▸ AIM OF THE EXERCISE: Beginning with the first line of the material, set down each line exactly as written, up to and including the line with "マグニフィセント7は4銘柄が".

:: DATA EXCERPT

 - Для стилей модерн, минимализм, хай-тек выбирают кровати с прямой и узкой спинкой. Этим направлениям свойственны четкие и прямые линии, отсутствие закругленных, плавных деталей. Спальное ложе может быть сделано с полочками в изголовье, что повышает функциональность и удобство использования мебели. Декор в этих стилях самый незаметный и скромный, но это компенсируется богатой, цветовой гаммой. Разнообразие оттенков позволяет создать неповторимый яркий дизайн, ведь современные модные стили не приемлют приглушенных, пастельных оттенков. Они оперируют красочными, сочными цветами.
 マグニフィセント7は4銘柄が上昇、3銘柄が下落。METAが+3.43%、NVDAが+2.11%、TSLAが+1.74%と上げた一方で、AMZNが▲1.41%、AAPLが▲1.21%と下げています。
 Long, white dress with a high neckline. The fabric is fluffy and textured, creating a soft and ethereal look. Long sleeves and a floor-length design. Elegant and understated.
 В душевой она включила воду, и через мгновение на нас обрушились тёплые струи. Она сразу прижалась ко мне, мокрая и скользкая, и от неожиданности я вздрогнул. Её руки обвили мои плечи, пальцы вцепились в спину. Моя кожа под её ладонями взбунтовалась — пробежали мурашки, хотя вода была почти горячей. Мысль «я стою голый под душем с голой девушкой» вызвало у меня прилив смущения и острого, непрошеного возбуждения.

::::

▸ SOLUTION:
 - Для стилей модерн, минимализм, хай-тек выбирают кровати с прямой и узкой спинкой. Этим направлениям свойственны четкие и прямые линии, отсутствие закругленных, плавных деталей. Спальное ложе может быть сделано с полочками в изголовье, что повышает функциональность и удобство использования мебели. Декор в этих стилях самый незаметный и скромный, но это компенсируется богатой, цветовой гаммой. Разнообразие оттенков позволяет создать неповторимый яркий дизайн, ведь современные модные стили не приемлют приглушенных, пастельных оттенков. Они оперируют красочными, сочными цветами.
 マグニフィセント7は4銘柄が上昇、3銘柄が下落。METAが+3.43%、NVDAが+2.11%、TSLAが+1.74%と上げた一方で、AMZNが▲1.41%、AAPLが▲1.21%と下げています。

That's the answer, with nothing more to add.